## The problem
Nothing but the lines from the one containing "View tr ee on" through the one containing "解:遗传是指亲子间的相似性,变异是指子代", both included, should be given again, each exactly as written below.

## Dataset excerpts
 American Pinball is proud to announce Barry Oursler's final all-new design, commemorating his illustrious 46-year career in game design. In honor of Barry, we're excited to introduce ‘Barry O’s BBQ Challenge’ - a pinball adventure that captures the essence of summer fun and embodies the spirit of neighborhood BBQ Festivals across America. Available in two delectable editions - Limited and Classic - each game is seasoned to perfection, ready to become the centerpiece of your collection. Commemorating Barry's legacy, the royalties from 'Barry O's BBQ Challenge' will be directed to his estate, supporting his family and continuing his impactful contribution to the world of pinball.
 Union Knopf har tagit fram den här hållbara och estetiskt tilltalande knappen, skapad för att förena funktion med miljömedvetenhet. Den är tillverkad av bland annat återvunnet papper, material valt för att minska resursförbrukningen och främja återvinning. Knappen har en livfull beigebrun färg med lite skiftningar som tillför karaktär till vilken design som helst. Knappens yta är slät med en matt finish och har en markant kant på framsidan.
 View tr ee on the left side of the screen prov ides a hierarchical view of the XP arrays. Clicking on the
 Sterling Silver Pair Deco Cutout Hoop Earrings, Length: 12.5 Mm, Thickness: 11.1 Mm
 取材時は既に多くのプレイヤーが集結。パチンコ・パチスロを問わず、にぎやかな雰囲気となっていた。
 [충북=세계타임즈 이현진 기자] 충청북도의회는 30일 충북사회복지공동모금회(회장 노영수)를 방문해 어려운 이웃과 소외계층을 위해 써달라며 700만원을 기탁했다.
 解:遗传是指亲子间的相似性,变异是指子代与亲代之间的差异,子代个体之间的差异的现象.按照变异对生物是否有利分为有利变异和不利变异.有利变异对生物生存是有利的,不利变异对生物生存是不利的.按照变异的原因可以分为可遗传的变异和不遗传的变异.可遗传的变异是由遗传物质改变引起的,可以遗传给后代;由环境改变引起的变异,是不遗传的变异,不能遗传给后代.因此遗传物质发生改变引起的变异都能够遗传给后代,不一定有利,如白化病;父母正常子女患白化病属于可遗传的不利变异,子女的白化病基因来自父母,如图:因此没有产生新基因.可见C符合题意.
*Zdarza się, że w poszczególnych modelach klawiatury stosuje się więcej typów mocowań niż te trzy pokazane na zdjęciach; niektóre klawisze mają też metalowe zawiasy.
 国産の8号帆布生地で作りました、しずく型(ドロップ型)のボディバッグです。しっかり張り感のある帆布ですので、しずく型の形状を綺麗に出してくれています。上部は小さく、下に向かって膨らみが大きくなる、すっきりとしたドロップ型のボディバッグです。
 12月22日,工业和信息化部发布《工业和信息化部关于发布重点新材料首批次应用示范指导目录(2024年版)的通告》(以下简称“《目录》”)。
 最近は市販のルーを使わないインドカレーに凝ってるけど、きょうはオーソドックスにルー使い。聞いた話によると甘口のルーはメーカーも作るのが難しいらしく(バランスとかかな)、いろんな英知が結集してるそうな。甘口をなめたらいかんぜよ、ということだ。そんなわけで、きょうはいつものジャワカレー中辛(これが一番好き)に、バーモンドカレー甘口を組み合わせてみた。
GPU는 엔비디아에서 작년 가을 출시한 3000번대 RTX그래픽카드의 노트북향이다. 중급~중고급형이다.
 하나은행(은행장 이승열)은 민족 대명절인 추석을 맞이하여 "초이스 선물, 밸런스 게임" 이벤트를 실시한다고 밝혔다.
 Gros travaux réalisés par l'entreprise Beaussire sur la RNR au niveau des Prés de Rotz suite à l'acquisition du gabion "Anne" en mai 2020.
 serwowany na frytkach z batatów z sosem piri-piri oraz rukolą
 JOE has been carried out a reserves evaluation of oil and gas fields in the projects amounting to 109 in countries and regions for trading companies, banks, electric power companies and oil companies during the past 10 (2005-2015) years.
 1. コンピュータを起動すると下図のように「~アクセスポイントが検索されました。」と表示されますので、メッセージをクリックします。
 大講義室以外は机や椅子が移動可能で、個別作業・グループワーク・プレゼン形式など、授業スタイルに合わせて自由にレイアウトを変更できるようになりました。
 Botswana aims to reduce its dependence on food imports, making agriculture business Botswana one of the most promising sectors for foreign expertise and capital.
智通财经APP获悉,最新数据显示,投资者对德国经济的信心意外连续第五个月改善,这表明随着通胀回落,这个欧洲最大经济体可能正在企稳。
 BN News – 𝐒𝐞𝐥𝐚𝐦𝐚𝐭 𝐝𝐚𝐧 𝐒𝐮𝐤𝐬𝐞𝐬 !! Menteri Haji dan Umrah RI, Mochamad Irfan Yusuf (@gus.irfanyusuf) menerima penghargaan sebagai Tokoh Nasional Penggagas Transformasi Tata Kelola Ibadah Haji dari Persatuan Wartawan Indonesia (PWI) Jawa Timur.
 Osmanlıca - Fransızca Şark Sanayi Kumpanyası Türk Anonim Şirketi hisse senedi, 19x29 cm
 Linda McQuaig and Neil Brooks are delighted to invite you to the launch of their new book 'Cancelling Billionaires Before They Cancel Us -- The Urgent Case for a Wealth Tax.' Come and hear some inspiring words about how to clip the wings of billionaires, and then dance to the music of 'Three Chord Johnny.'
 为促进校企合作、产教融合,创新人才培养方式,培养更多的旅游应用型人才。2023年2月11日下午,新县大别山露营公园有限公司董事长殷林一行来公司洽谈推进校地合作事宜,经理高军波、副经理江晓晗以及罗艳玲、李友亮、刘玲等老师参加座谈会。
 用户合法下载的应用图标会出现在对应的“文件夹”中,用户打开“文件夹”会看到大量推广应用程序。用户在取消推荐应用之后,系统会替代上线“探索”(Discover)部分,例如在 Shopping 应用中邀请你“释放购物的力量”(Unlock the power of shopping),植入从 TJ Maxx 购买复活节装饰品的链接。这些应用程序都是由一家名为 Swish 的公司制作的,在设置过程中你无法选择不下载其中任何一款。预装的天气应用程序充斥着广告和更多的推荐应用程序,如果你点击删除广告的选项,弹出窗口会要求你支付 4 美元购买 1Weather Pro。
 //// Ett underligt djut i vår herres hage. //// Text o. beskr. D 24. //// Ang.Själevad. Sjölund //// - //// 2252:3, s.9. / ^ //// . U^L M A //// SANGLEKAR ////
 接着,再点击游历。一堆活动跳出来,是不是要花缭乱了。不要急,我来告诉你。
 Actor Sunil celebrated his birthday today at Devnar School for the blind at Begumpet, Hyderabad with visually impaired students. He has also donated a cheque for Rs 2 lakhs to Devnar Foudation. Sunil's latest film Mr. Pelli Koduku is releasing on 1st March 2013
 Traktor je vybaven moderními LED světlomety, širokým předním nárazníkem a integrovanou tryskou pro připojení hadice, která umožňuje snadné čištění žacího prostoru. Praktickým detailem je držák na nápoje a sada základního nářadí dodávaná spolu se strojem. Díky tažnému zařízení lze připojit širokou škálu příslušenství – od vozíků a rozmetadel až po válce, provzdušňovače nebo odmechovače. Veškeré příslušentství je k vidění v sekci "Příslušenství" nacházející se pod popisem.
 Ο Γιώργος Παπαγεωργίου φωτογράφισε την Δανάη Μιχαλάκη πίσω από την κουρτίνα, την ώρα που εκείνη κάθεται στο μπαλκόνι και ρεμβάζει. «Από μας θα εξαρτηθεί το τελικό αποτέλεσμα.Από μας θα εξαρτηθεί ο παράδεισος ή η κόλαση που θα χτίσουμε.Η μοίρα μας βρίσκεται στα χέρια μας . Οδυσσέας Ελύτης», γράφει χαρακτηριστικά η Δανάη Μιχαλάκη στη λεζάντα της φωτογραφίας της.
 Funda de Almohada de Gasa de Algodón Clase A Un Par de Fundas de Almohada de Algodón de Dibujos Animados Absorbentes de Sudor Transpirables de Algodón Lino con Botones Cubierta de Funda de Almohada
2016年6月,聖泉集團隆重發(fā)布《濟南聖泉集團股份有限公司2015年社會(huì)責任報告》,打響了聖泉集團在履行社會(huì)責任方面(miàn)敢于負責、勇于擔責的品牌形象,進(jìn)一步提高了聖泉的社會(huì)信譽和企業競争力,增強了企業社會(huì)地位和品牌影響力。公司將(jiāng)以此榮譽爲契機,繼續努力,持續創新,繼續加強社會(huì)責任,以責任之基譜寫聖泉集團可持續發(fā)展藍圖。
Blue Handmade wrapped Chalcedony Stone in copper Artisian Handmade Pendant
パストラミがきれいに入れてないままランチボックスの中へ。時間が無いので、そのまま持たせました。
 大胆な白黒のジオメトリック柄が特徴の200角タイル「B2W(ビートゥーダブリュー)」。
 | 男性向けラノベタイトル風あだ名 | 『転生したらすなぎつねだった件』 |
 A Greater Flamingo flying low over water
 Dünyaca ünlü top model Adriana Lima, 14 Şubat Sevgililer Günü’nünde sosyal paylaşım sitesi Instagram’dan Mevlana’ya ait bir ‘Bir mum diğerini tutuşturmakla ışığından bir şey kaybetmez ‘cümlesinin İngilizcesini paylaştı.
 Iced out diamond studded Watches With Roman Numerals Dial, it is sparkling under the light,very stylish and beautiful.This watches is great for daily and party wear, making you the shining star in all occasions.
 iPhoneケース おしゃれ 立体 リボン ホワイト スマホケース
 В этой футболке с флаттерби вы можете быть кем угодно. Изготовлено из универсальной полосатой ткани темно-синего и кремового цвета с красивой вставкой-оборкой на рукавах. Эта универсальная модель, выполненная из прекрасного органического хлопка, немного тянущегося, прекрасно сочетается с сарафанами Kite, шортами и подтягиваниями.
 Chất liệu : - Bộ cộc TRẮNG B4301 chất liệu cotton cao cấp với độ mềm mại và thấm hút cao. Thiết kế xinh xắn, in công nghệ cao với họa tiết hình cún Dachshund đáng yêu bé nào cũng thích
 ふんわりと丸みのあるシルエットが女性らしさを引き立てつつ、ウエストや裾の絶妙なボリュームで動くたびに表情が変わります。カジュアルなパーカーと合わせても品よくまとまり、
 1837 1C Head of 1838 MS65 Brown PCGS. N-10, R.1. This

## Written answer
 View tr ee on the left side of the screen prov ides a hierarchical view of the XP arrays. Clicking on the
 Sterling Silver Pair Deco Cutout Hoop Earrings, Length: 12.5 Mm, Thickness: 11.1 Mm
 取材時は既に多くのプレイヤーが集結。パチンコ・パチスロを問わず、にぎやかな雰囲気となっていた。
 [충북=세계타임즈 이현진 기자] 충청북도의회는 30일 충북사회복지공동모금회(회장 노영수)를 방문해 어려운 이웃과 소외계층을 위해 써달라며 700만원을 기탁했다.
 解:遗传是指亲子间的相似性,变异是指子代与亲代之间的差异,子代个体之间的差异的现象.按照变异对生物是否有利分为有利变异和不利变异.有利变异对生物生存是有利的,不利变异对生物生存是不利的.按照变异的原因可以分为可遗传的变异和不遗传的变异.可遗传的变异是由遗传物质改变引起的,可以遗传给后代;由环境改变引起的变异,是不遗传的变异,不能遗传给后代.因此遗传物质发生改变引起的变异都能够遗传给后代,不一定有利,如白化病;父母正常子女患白化病属于可遗传的不利变异,子女的白化病基因来自父母,如图:因此没有产生新基因.可见C符合题意.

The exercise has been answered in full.